Warning Jobserver and all related Jobserver integrations reached their End of Life in commercial environments in October, 2024. In Collibra Platform for Government and Collibra Platform Self-Hosted environments, they will reach their End of Life on May 30, 2027. For more information, go to Announcements.

Automatic Data Classification via the Cloud Data Classification Platform

When you register a data source, you can store a data profile and sample data. This is required if you want to classify columns in the data set. The Cloud Data Classification Platform predicts the data classes of selected columns and sends them back to Collibra Platform, where you confirm or reject the suggested data classes. The Cloud Data Classification Platform uses your feedback to retrain the platform and improve future data classifications.

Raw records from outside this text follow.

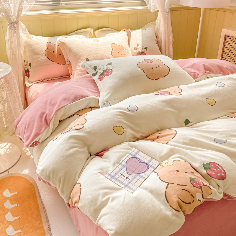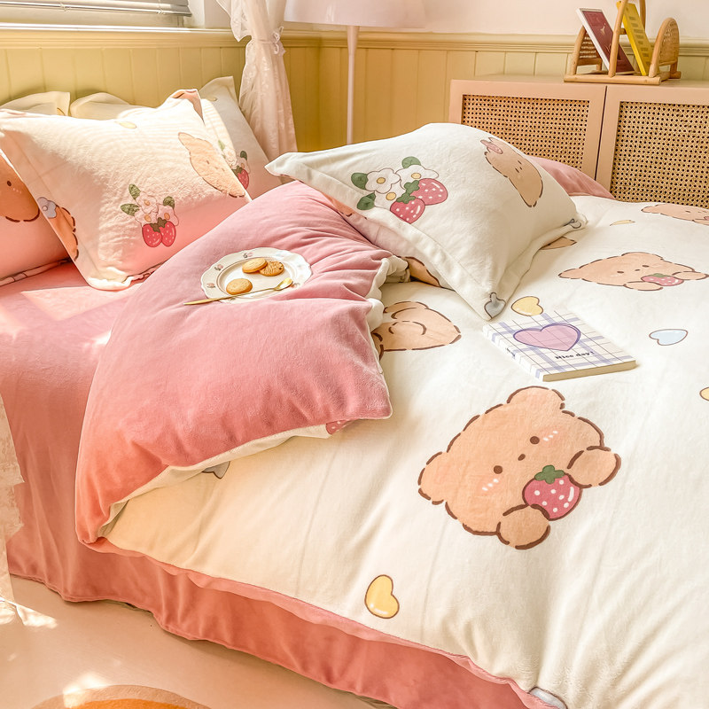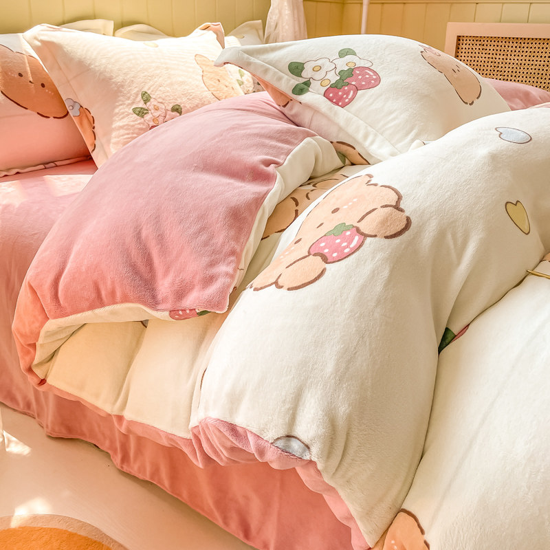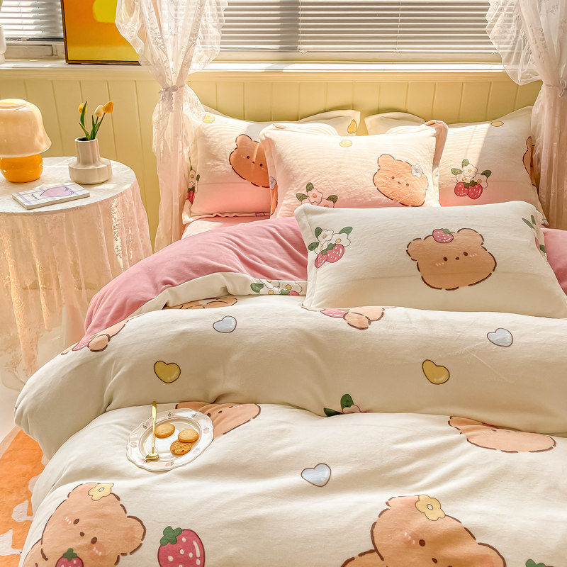 Зимний коралловый комплект, фланелевая простыня, флисовый пододеяльник, 4 предмета, постельные принадлежности, 3 предмета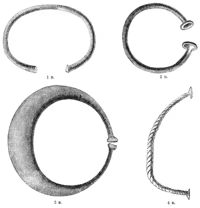 Figure 3 b exhibits a gold collar, one perhaps of the earliest known types. It is called the “funicular,” from the shapes of the cup-like termini. This gorget is peculiarly Celtic: similar examples are frequently found in Ireland, some also in Europe. It was probably worn as a collar round the neck, although some authorities have suggested that it might have been worn on the top of the head with the circular ends behind the ears.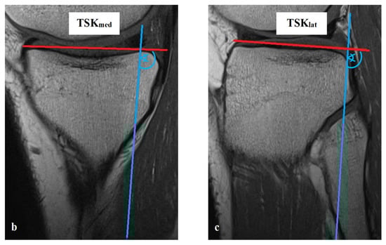 Exemplary depiction of the measurements of the tibial slope according to Karimi et al. [37] for medial (TSKmed, (b)) and lateral (TSKlat, (c)) knee-joint surface: The measurements of TSK were performed in sagittal view of the knee joint in MRIs. To determine the right position of the dorsal tibial bone cortex for each TSKmed and TSKlat, a reference line was set in the best available image (a). Based on this reference line, the dorsal inclination angle of the tibial plateau was determined in the medial (TSKmed, (b)) and lateral (TSKlat, (c)) joint sections.

Warning If you want to use the Cloud Data Classification Platform, request it via your Collibra contact or create a support ticket. See also Cloud Data Classification Platform setup.

Limitations

Automatic data classification via the Cloud Data Classification Platform is a cloud service. Only if your on-premises environment can reach the cloud service, you can use it.
Out-of-the-box, automatic data classification can predict several data classes. However, you can also create user-defined data classes to increase its prediction quality.
The only supported language for data classes is English.
The Cloud Data Classification Platform needs sample data and profiling data to be able to predict the data classes.
Note You can create sample data and profiling data by registering a data source and choosing to create sample data and profiling data or by importing the data via the Catalog API.
The Cloud Data Classification Platform only works for columns of data sources that are registered in Data Catalog with sample data and profiling data.

Automatic data classification flow via the Cloud Data Classification Platform

In the following schema, you can see the different steps of an automatic data classification flow via the Cloud Data Classification Platform.

Data Classification flow

Step	Description
	You select the columns that you want to classify and send their sample and profiling data to the Cloud Data Classification Platform. See Classify columns
	The Cloud Data Classification Platform predicts the data classes of the columns.
	The Cloud Data Classification Platform sends the data classes to Collibra.
	You provide feedback by accepting or rejecting the predicted data class of each column or by adding your own new classes. The Cloud Data Classification Platform can predict multiple data classes for one column. If the prediction is accurate, you can accept multiple data classes for one column.
	Your data class selections are sent to the Cloud Data Classification Platform . The Cloud Data Classification Platform stores your selections, along with the associated sample data, to retrain the classification model and improve future classification predictions.